Collected data entries
----------------

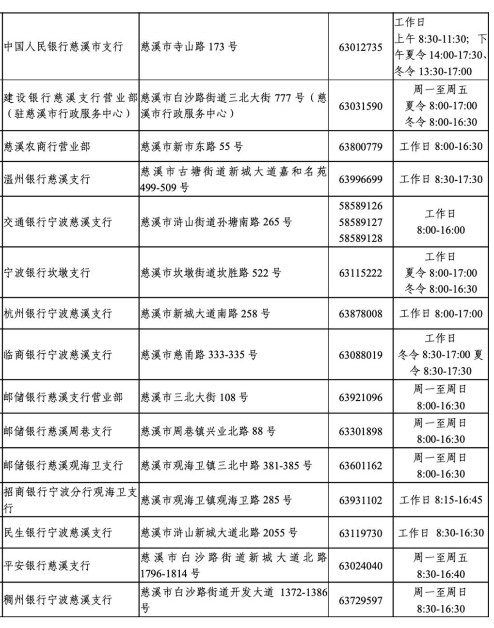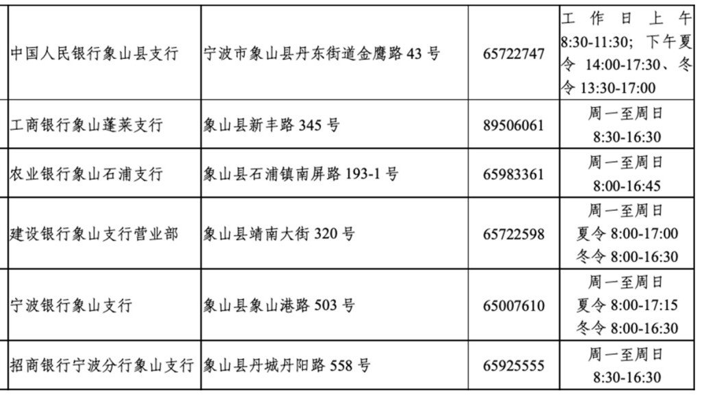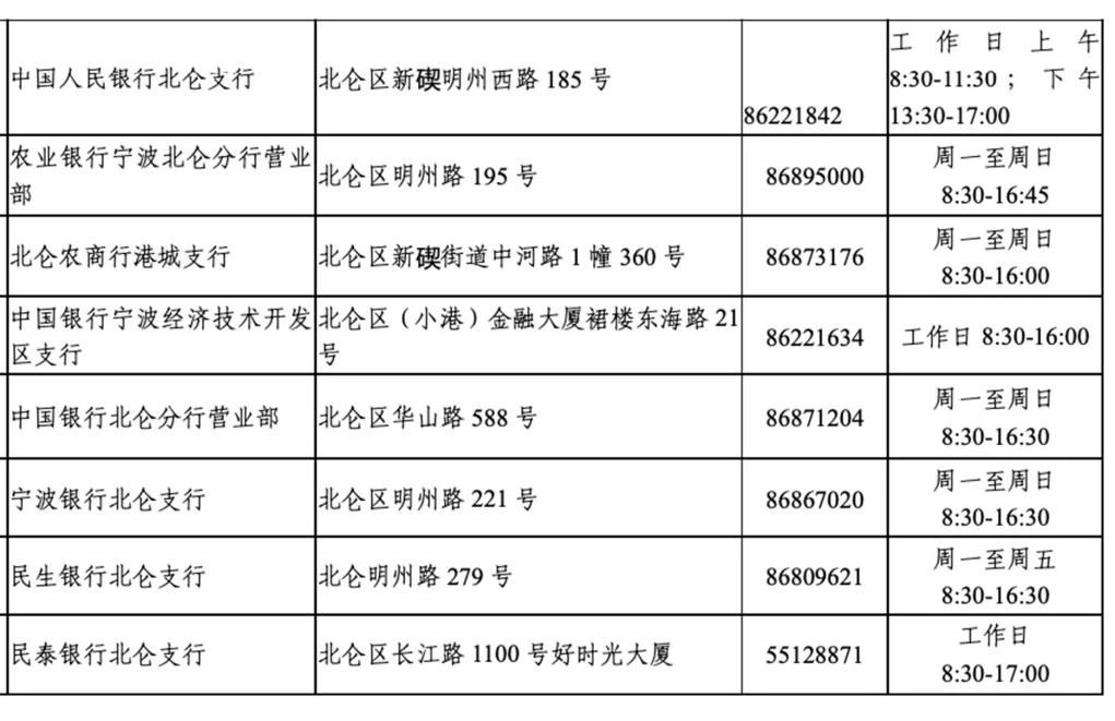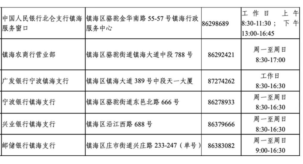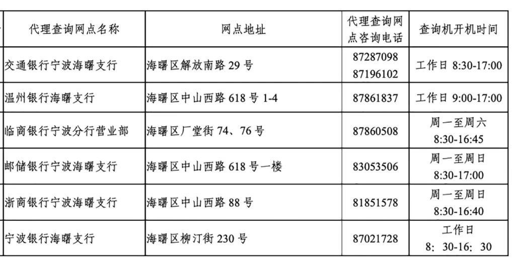 目前,宁波市个人信用报告自助查询网点信息如下——
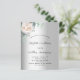 A faux silver looking background. Decorated with a white floral, peony flower and green watercolored eucalyptus greenery. Personalize and add your names and the details.
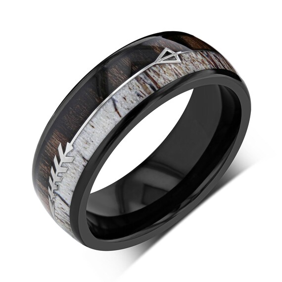 These deer antler rings have been designed for the outdoorsman. Titanium & deer antler ring width: This titanium wedding ring features a flat profile with a pattern of repeating deer antlers that are laser engraved all around it. These deer antler rings have been designed for the outdoorsman.
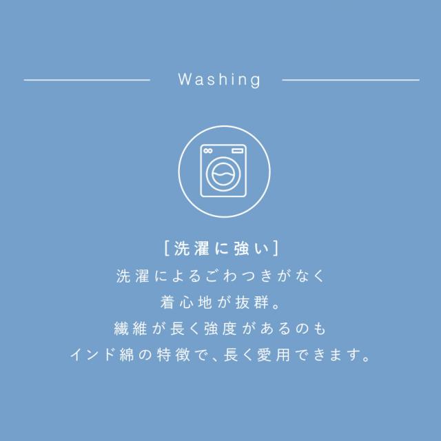 シルキーな光沢、やわらかな肌触りが特徴の、インド綿のみでできているので、肌触り気持ち良い。洗濯してもゴワツキがなく滑らかさが続きます。
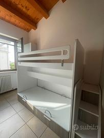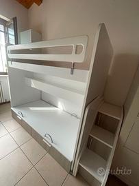 Vendesi letto a castello con parte inferiore scorrevole e dotata di cassetti incorporati. Scaletta laterale con scalini-scarpiera. Ideale per ragazzi fino a 13 anni Buone condizioni Ritiro a carico dell' acquirente.
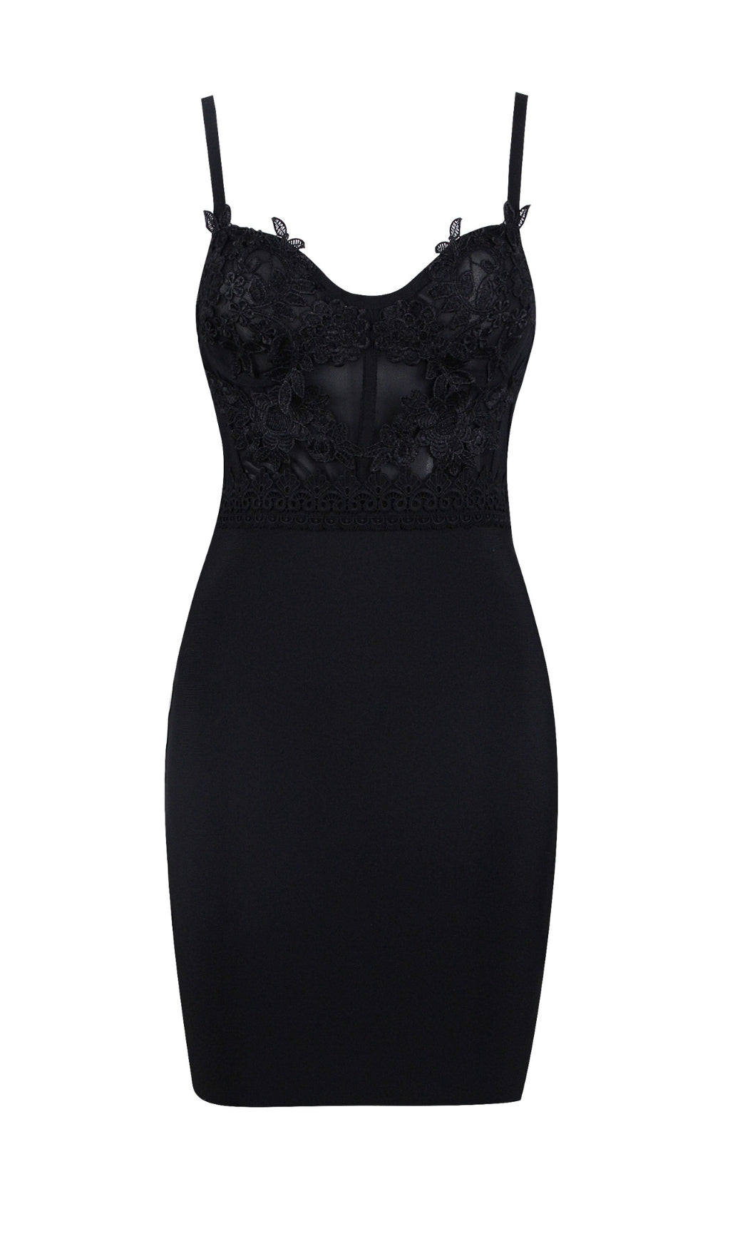 Sexy Strap Bandage Dress. The top half of this dress is a combination of mesh and floral lace weave. Black see-through temptation. The bottom half is the bandage material. tight fit. Accentuate the plump hips. Suitable for wearing occasions: romantic date nights. stylish dinner dates. cocktail bars. party nights.
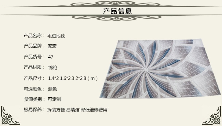 Luo jiahong sells carpets, floor MATS, bath MATS, floor coverings, floor coverings, floor coverings, floor coverings and floor coverings in a wholesale market. He has 10 years of foreign trade experience in yiwu market. The company enjoys a high status among consumers and has established long-term and stable cooperative relations with many retailers and agents. Luo jiaghong individual business distribution of carpet, floor MATS, bath mat, floor leather, floor leather, floor mat complete varieties, reasonable prices. Luo jiahong has a strong individual business strength, emphasizes credit, abides by contracts, guarantees product quality, and wins the trust of customers with the principle of operating in multiple varieties and making small profits and quick sales.
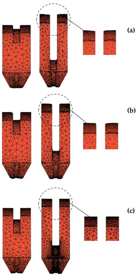 It can be seen from Table 6 that when the relative groove depth (χ) ≥ 1.5, the journal end of the web formed during grooving–upsetting remains unaffected during the subsequent backward extrusion. Figure 18 shows a side-by-side view of the journal end shape at the end of grooving–upsetting and at the end of the subsequent backward extrusion with relative groove depths of 0.5, 1.0, and 1.5, respectively. It is clear that with χ equal to or greater than 1.5, there are no obvious collapsed corners at the web’s journal ends, and the well-formed journal end shape remains unaffected during the following backward extrusion.
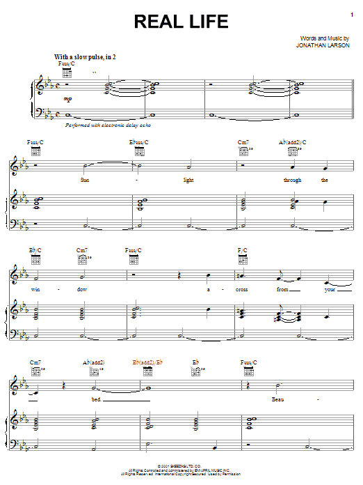 Download or print Jonathan Larson Real Life (from tick, tick... BOOM!) sheet music, chords and digital score arranged for Piano & Vocal. This Musical/Show score includes 7 page(s).

----------------

> TO DO:
Every line above should be duplicated exactly; the pictures are to be left out.

> EXPECTED OUTPUT:
 目前,宁波市个人信用报告自助查询网点信息如下——
 A faux silver looking background. Decorated with a white floral, peony flower and green watercolored eucalyptus greenery. Personalize and add your names and the details.
 These deer antler rings have been designed for the outdoorsman. Titanium & deer antler ring width: This titanium wedding ring features a flat profile with a pattern of repeating deer antlers that are laser engraved all around it. These deer antler rings have been designed for the outdoorsman.
 シルキーな光沢、やわらかな肌触りが特徴の、インド綿のみでできているので、肌触り気持ち良い。洗濯してもゴワツキがなく滑らかさが続きます。
 Vendesi letto a castello con parte inferiore scorrevole e dotata di cassetti incorporati. Scaletta laterale con scalini-scarpiera. Ideale per ragazzi fino a 13 anni Buone condizioni Ritiro a carico dell' acquirente.
 Sexy Strap Bandage Dress. The top half of this dress is a combination of mesh and floral lace weave. Black see-through temptation. The bottom half is the bandage material. tight fit. Accentuate the plump hips. Suitable for wearing occasions: romantic date nights. stylish dinner dates. cocktail bars. party nights.
 Luo jiahong sells carpets, floor MATS, bath MATS, floor coverings, floor coverings, floor coverings, floor coverings and floor coverings in a wholesale market. He has 10 years of foreign trade experience in yiwu market. The company enjoys a high status among consumers and has established long-term and stable cooperative relations with many retailers and agents. Luo jiaghong individual business distribution of carpet, floor MATS, bath mat, floor leather, floor leather, floor mat complete varieties, reasonable prices. Luo jiahong has a strong individual business strength, emphasizes credit, abides by contracts, guarantees product quality, and wins the trust of customers with the principle of operating in multiple varieties and making small profits and quick sales.
 It can be seen from Table 6 that when the relative groove depth (χ) ≥ 1.5, the journal end of the web formed during grooving–upsetting remains unaffected during the subsequent backward extrusion. Figure 18 shows a side-by-side view of the journal end shape at the end of grooving–upsetting and at the end of the subsequent backward extrusion with relative groove depths of 0.5, 1.0, and 1.5, respectively. It is clear that with χ equal to or greater than 1.5, there are no obvious collapsed corners at the web’s journal ends, and the well-formed journal end shape remains unaffected during the following backward extrusion.
 Download or print Jonathan Larson Real Life (from tick, tick... BOOM!) sheet music, chords and digital score arranged for Piano & Vocal. This Musical/Show score includes 7 page(s).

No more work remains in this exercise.